しかし暗い森を歩く不安感が全くない。時には熊と出会うかも知れないけど、その怖さもない。新たな気持ちで触れ合う森への挨拶して、これから宜しくお願いしますという謙虚な心で歩いている自分がいた。そもそもそんなに謙虚な人間ではなかったはずだけど。
先日通ったように、一度川まで出る方がルートとしてはわかりやすいのだけど、距離としては遠回りになるので、少しショートカット気味に渡瀬さんの家のある西の方向へ歩いた。
途中に標高は高くはないのだけど、急な勾配の山があるので、どうしてもそこは遠回りしないと行けないけれど、なるべくその斜面に沿って西方向へ行くの時間的にはロスも少ないだろう。
途中で一度来た事がある岩場の水飲み場がある所に出た。ここからは30分も掛からないだろう。

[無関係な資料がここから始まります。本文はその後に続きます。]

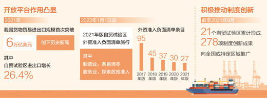 日前,我國2021年外貿(mào)成績單發(fā)布,貨物貿(mào)易進出口規(guī)模首次突破6萬億美元。其中,自由貿(mào)易試驗區(qū)進出口增長26.4%,呈現(xiàn)蓬勃發(fā)展態(tài)勢。
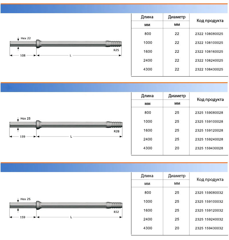 Стержень с хвостовиком H22 имеет различные характеристики, в зависимости от длины и диаметра стержня. Наиболее распространенные размеры: 22x400 мм, 22x600 мм, 22x800 мм и 22x1000 мм. Он также доступен с различными типами резьбы, включая R22, R23 и T22.

そして渡瀬さんの家に着いた頃には、日もすっかり明けていた。家の前に立っている渡瀬さんを見つけ、小走りで近付いた。
「おはようございます。」
「おはよう。」
「今日からよろしくお願いします。」とペコリと頭を下げる。
「ここまでどれぐらい時間掛かった?」
「1時間半ぐらいですね。」
「あぁ、そうか。じゃあ結構早くに出発したんだねぇ。」
「えぇ、5時過ぎに出ました。」
「まぁこれからはここまで来ないで、森のどこかで待ち合わせとか、時間もゆっくりすればいいから。またあとでこの一帯の位置関係とか教えるよ。」